I make good use of extra eggnog by creating this luscious cheesecake. A bit of rum extract adds a special taste. —Kristen Grula, Hazleton, Pennsylvania
  • Total Time
    Prep: 15 min. Bake: 45 min. + chilling
  • Makes
    16 servings

Ingredients

  • 1 cup graham cracker crumbs
  • 2 tablespoons sugar
  • 3 tablespoons butter, melted
  • FILLING:
  • 3 packages (8 ounces each) cream cheese, softened
  • 1 cup sugar
  • 3 tablespoons all-purpose flour
  • 2 large eggs, room temperature, lightly beaten
  • 3/4 cup eggnog
  • 1/2 teaspoon rum extract
  • Dash ground nutmeg
  • Whipped cream and additional ground nutmeg, optional

Directions

  • Place a greased 9-in. springform pan on a double thickness of heavy-duty foil (about 18 in. square).
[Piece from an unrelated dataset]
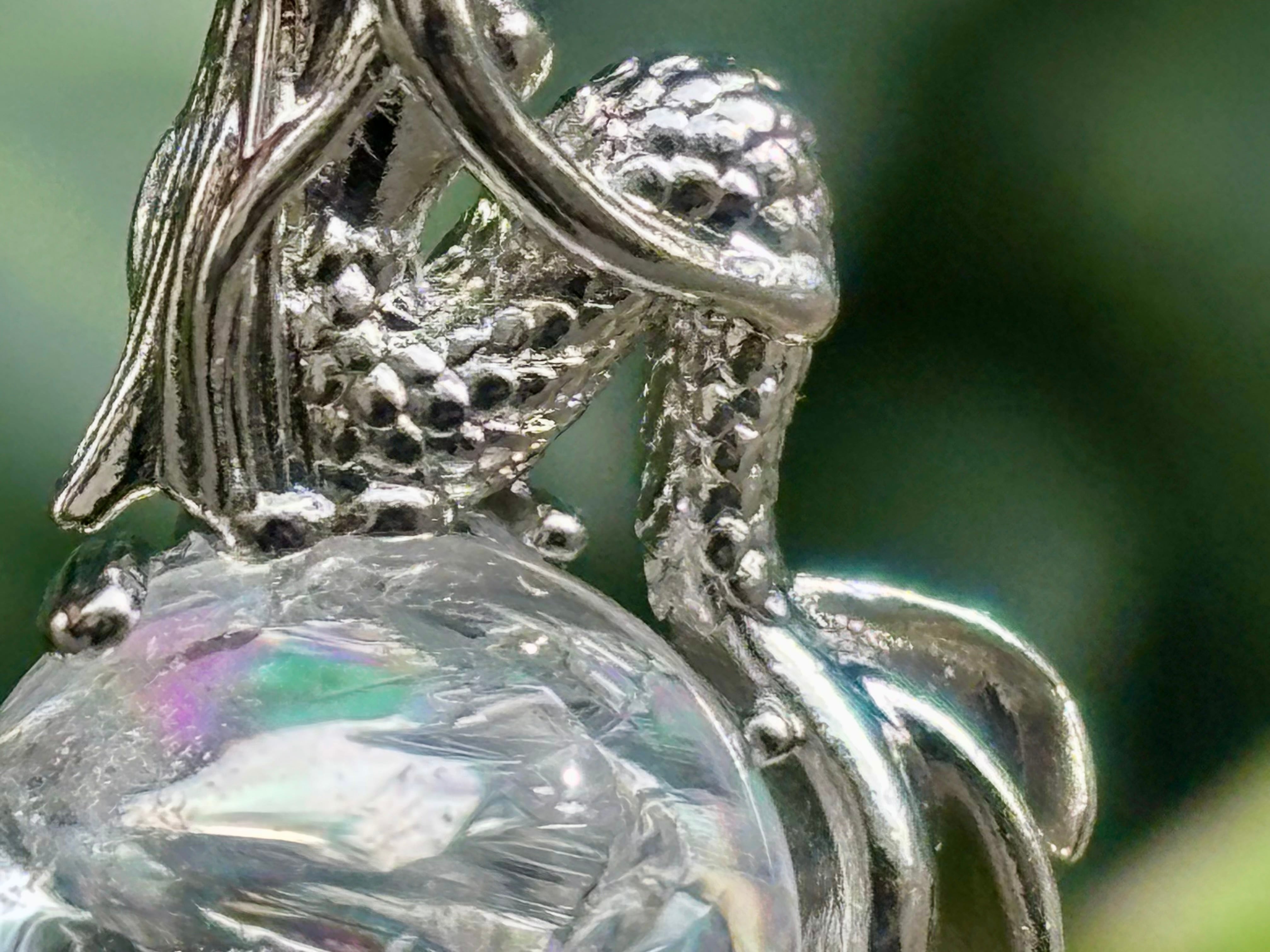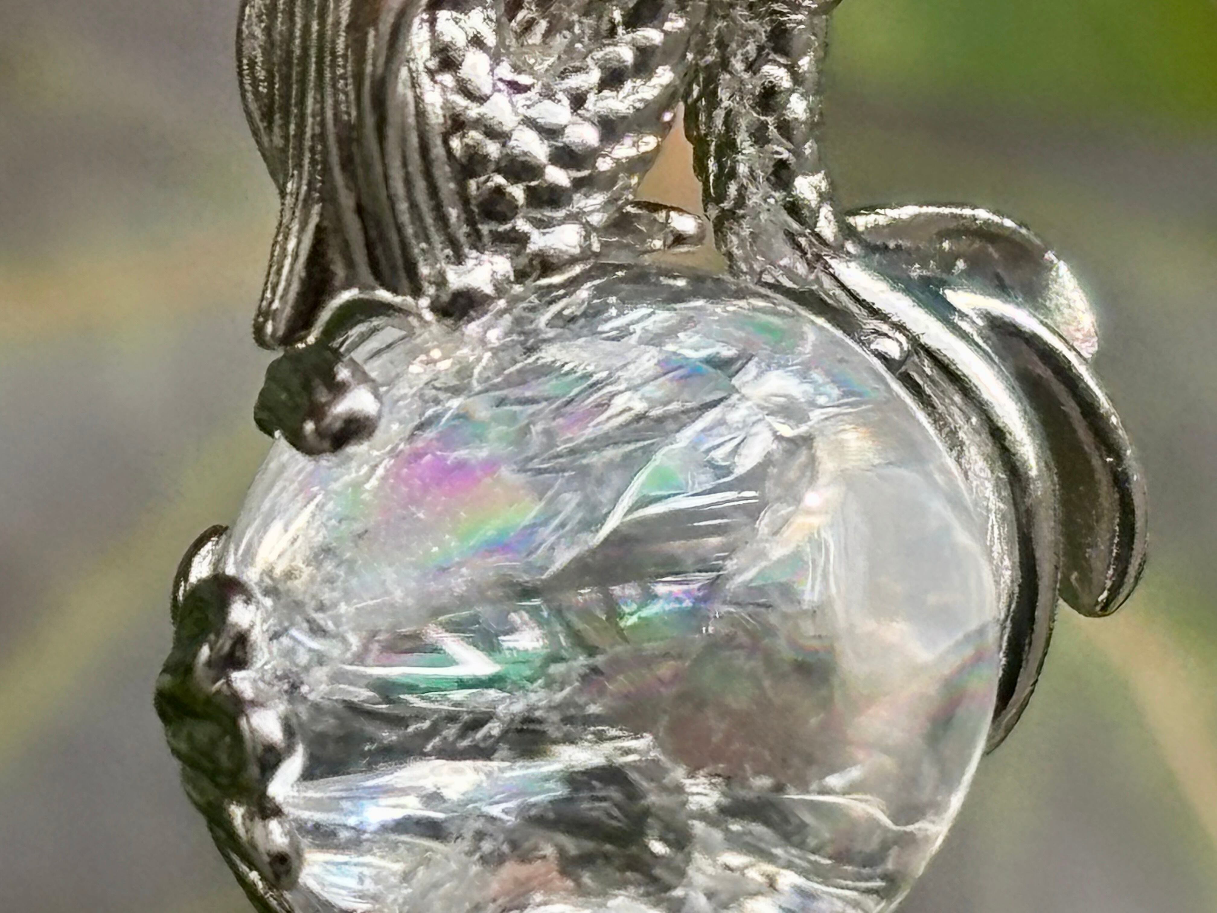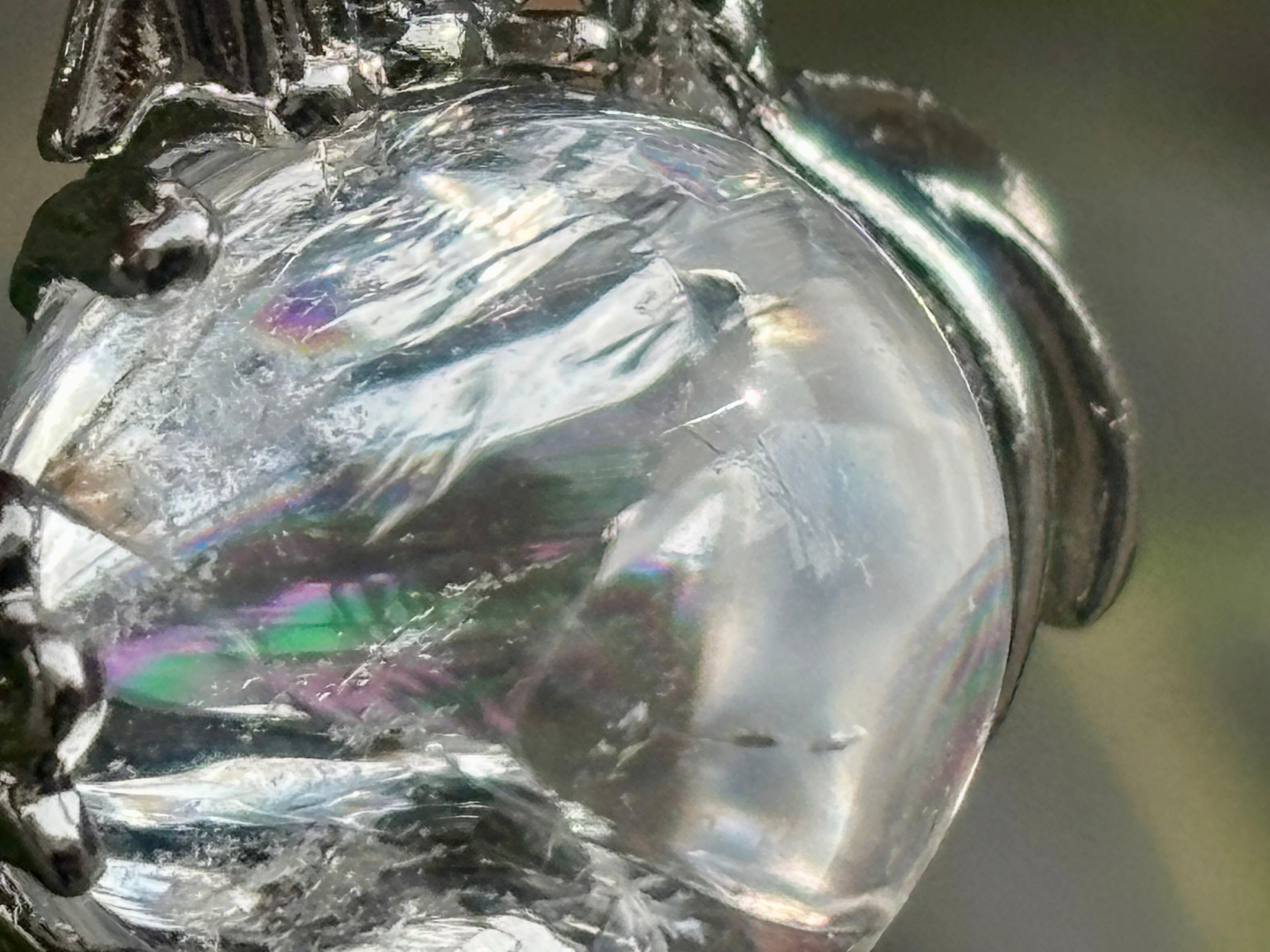 アイリスクォーツ(虹入り水晶)は、内部のクラック(亀裂)に虹色が出ているため、通常の水晶より物理的な衝撃に弱く、落としたりぶつけたりすると割れやすい傾向があります。

Securely wrap foil around pan.
  • In a small bowl, combine the cracker crumbs, sugar and butter. Press onto the bottom of pan. Place on a baking sheet. Bake at 325° for 10 minutes. Cool on a wire rack.
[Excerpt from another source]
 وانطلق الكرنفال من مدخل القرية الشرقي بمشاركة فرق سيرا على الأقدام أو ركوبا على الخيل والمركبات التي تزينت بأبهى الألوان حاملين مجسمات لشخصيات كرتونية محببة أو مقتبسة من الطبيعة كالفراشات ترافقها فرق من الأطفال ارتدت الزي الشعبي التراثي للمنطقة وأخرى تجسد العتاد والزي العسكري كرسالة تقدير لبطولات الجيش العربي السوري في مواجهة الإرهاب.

  • In a large bowl, beat the cream cheese, sugar and flour until smooth. Add eggs; beat on low speed just until combined. Gradually stir in the eggnog, extract and nutmeg. Pour filling over crust.
  • Place springform pan in a larger baking pan; add 1 in. of hot water to larger pan.
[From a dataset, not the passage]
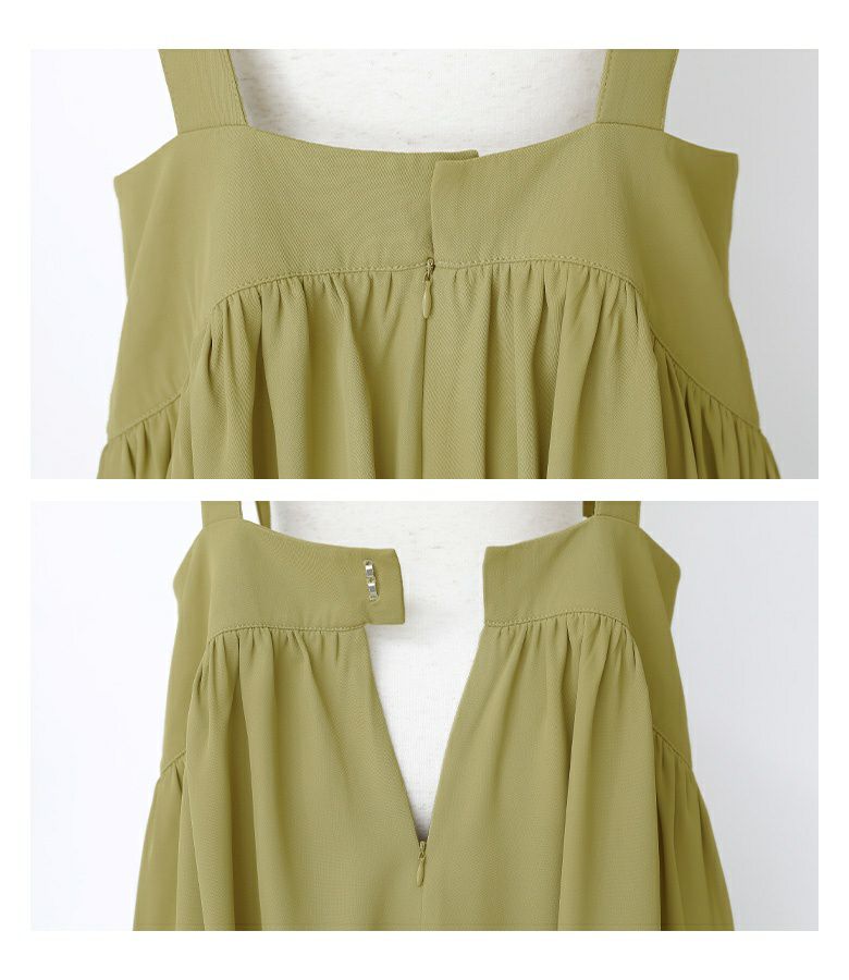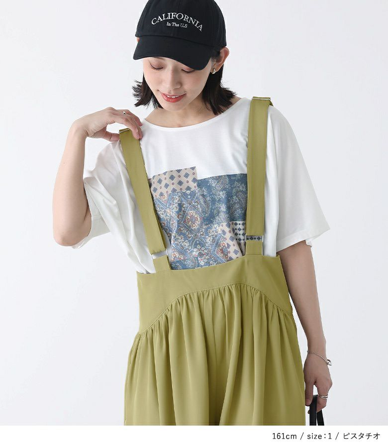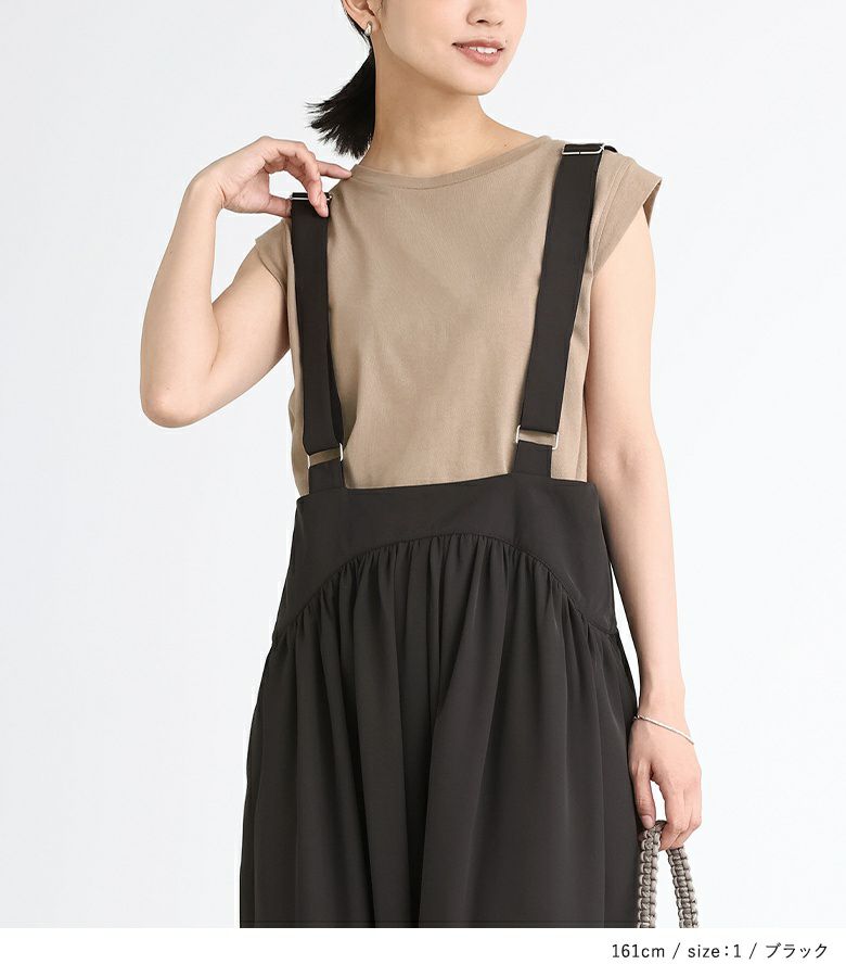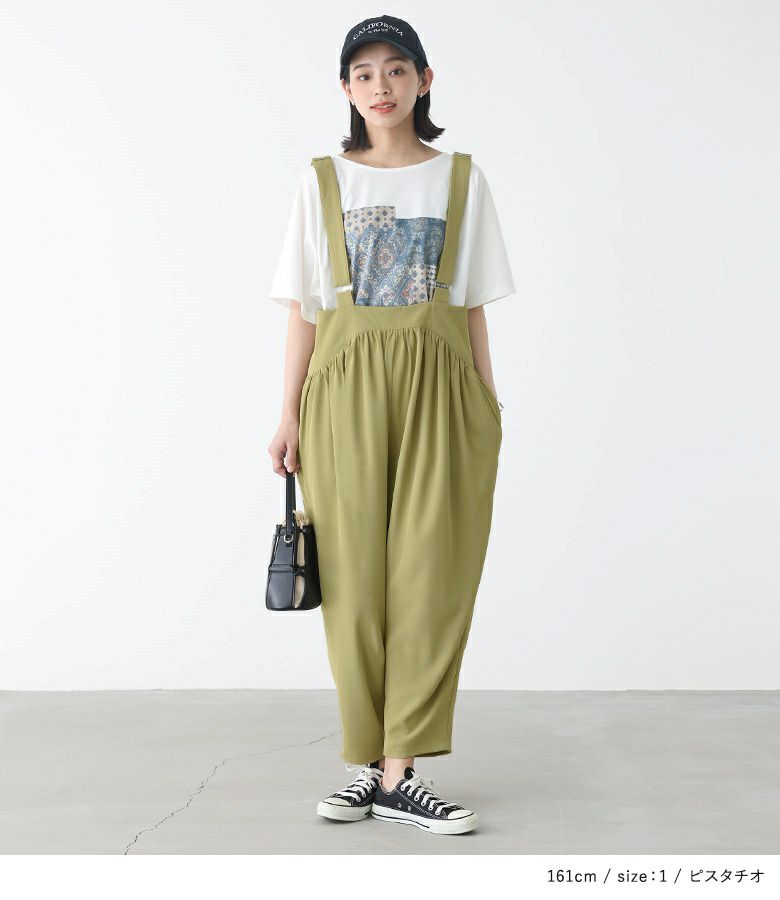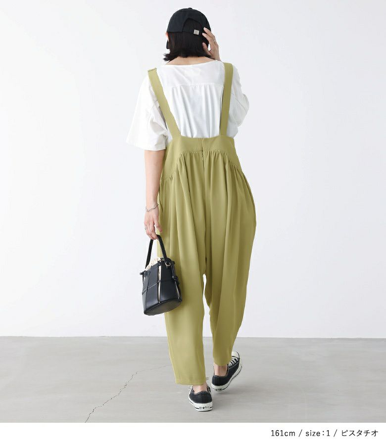 ウエスト下がバルーンシルエットになったテーパードサロペット。ウエスト切り替え下からギャザーを入れて、メリハリのあるシルエットに。

  • Bake at 325° until center is just set and top appears dull, 45-50 minutes. Remove springform pan from water bath. Cool on a wire rack for 10 minutes. Loosen sides from pan with a knife; cool 1 hour longer. Refrigerate overnight, covering when completely cooled. If desired, top with whipped cream, then sprinkle with nutmeg.
Editor's Note
This recipe was tested with commercially prepared eggnog.
Nutrition Facts
1 slice: 275 calories, 19g fat (11g saturated fat), 79mg cholesterol, 195mg sodium, 24g carbohydrate (18g sugars, 0 fiber), 5g protein.